Masih dengan kepala tertunduk, tak berminat untuk memerhatikan sekeliling.
Eh. Tunggu. Apa aku
melupakan sesuatu? Bukankah tadi ada sebuah suara mengaduh beberapa saat
setelah kerikil tak berdosa tadi kutendang. Apa kerikil itu mengenai seseorang?
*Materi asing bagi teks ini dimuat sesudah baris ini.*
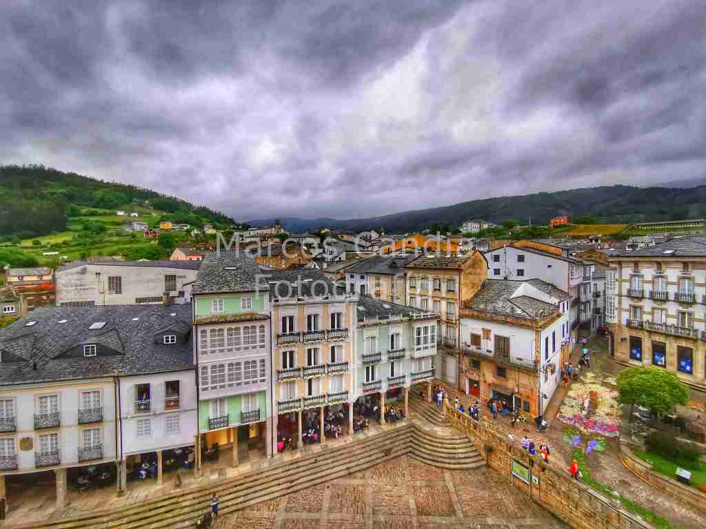 Vista «aerea» hoxe, da Praza da Catedral, e parte do casco histórico de Mondoñedo.

Kudongakkan kepalaku, berharap semoga suara barusan hanya halusinasiku. Tapi
semua itu hanya tinggal harapan..
“Ups”
Dan tebak apa yang
kulihat sekarang? Seorang namja berambut coklat gelap yang senada dengan warna
matanya yang kini menatapku tajam. Menyorotkan seberapa marahnya pemilik mata
itu.
“Ups?”
Baboya. Kenapa aku harus
berurusan dengan namja ini. Padahal ini masih pagi. Aku masih harus sekolah dan
belajar dan pulang dan tidur dan bangun lagi besoknya. Dan yang terpenting
adalah aku masih harus melanjutkan hidupku..
“Mian hehe”
Aku berusaha mencairkan
suasana dingin itu dengan cengiran kecil. Namun apa? Nihil. Namja itu masih
saja mempertahankan tatapan super dinginnya itu.
Eh. Apa yang akan
dilakukannya sekarang? Kenapa berjalan mendekatiku? Kumohon. Aku masih ingin
hidup.. Tuhan selamatkanlah aku dari laki-laki ini..
“Choi Haneul Ba-bo”
TAK
Ia menghentikan
langkahnya sebelum menjentikkan jari tengahnya kedahiku yang tertutup poni. “Appo”
Ringisku lalu mengelus
bagian yang dijentiknya tadi. Benarkah itu sebuah jari? Kenapa rasanya seperti
baru saja dipukul palu? Appeuda.. Saking kerasnya sampai sampai membuatku
pusing seketika. Dan dengan seketika juga kerikil yang tadinya tak berdosa itu
jadi benar-benar berhasil menjadi tersangka. Bisa-bisanya kerikil sekecil itu
membuat hariku berantakan hanya karena membuat namja dihadapanku ini merasa
terusik.
CHU~
Sebuah ciuman mendarat
dipipi kananku. Wajahku serasa terbakar. Aku terdiam sejenak. Mencoba memutar ulang
kejadian barusan. Apa yang baru saja terjadi? Namja itu.. barusan… menciumku? Andwae!
“PARK JIMIN-YAA!!”
Teriakku padanya yang malah tertawa geli
karena reaksiku dan tentu karena wajahku yang sudah merah padam saat ini.
“Mian hehe”
Aish jinjja. Ia
mengolokku dengan mengulang kata-kataku.
“Baboya!”
Bentakku lagi lalu
mengambil ancang-ancang untuk segera menghajarnya. Namja bermarga park itu
bahkan sudah berlari sebelum aku mengambil langkah. Melarikan diri eoh?
“Tunggu aku jimiiin!”
Sial. Aku melupakan
sesuatu yang penting. Hal yang sudah mengganggu moodku dari kemarin sore.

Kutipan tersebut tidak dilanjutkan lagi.